The head of Chile’s military police announced the suspension of pellet use as an anti-riot tool, except in cases of legitimate defense when a situation represents a death threat.
Mario Rozas said Tuesday the measure will be in place while the pellets are subjected to tests requested from laboratories, Venezuela-based TeleSur reported.
“The restriction will be evaluated when we have in our possession the results of the studies,” Rozas sais.
The decision was made by military police after a study by the Chile University that states pellets are made of 20% rubber and 80% different elements, such as lead.
At least 270 Chileans have suffered an eye injury as a result of the usage of pellets during anti-government protests.
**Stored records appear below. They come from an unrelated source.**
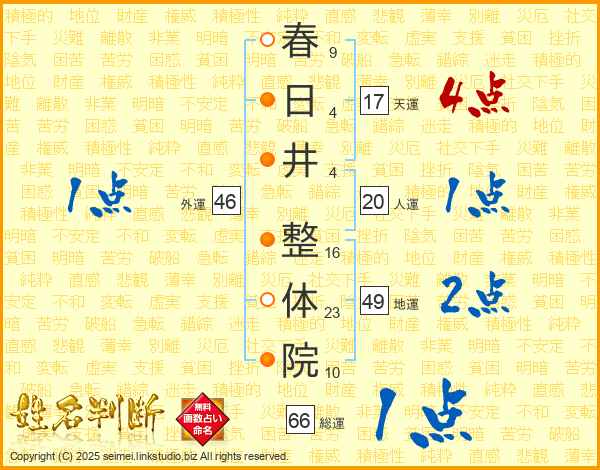 春(9画)日(4画)井(4画) 整(16画)体(23画)院(10画)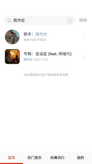 ·名称搜索:可以输入歌曲名称、艺人、专辑等关键词进行搜索,播放轻音乐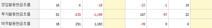 현금흐름 현황을 살펴보면, 투자활동현금흐름은 2019년에 비해 많이 개선된 것으로 보입니다. 영업활동현금흐름과 재무활동현금흐름은 아직 큰 변동이 없는 것으로 보아 조금 더 지켜볼 필요가 있을 듯합니다.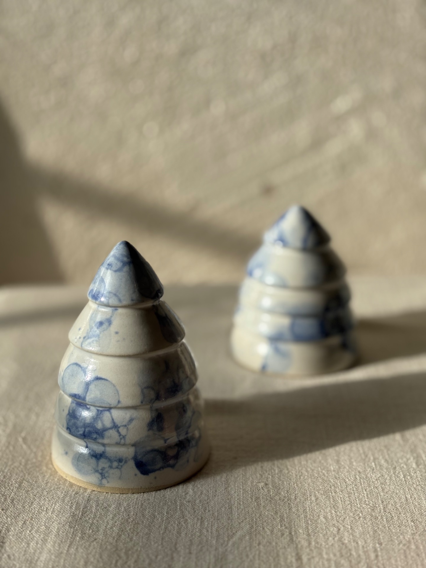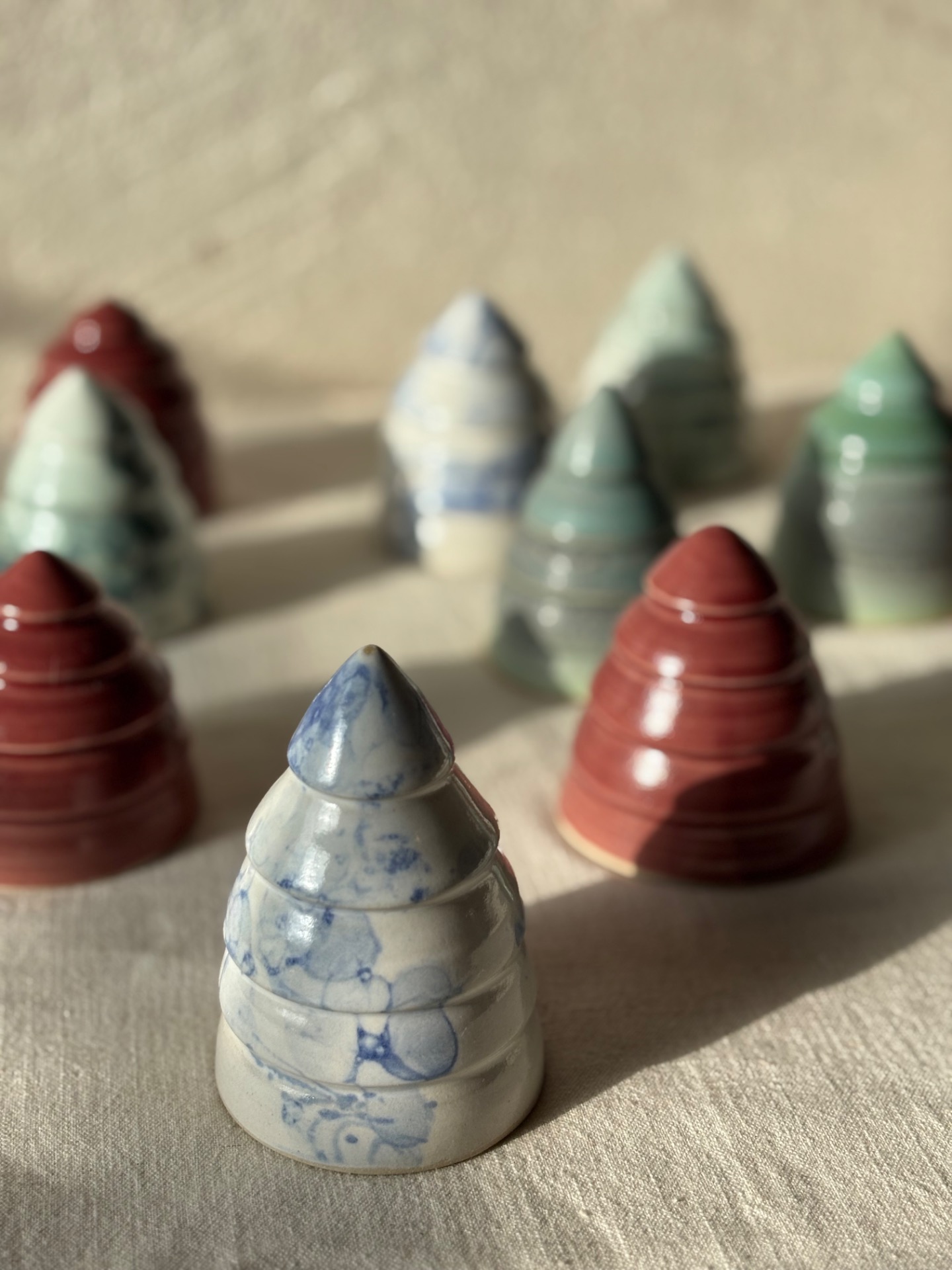 Each piece is handthrown in stoneware and features a smooth, layered design reminiscent of a classic Christmas tree. Measuring approximately 5–7 cm wide and 8–10 cm tall, these decorations are the perfect size to display on shelves, tables, or as part of a festive centerpiece.

The protests, which began in response to a now-suspended 4% transport fare hike, turned violent Oct. 19.
At least 23 people have since been killed in the protests.
According to the National Institute of Human Rights (NHRI), over the last month, more than 6,000 people have been arrested and 2,400 injured
President Sebastian Pinera accepted demands earlier this month to change the Constitution to replace the one dating to the Augusto Pinochet dictatorship, a demand of protesters who have taken to the streets in recent weeks.
Pinera also announced concessions, including rolling back the fare rise, a rise to the minimum wage and placed a hold on electricity prices until next year in a bid to contain the strife.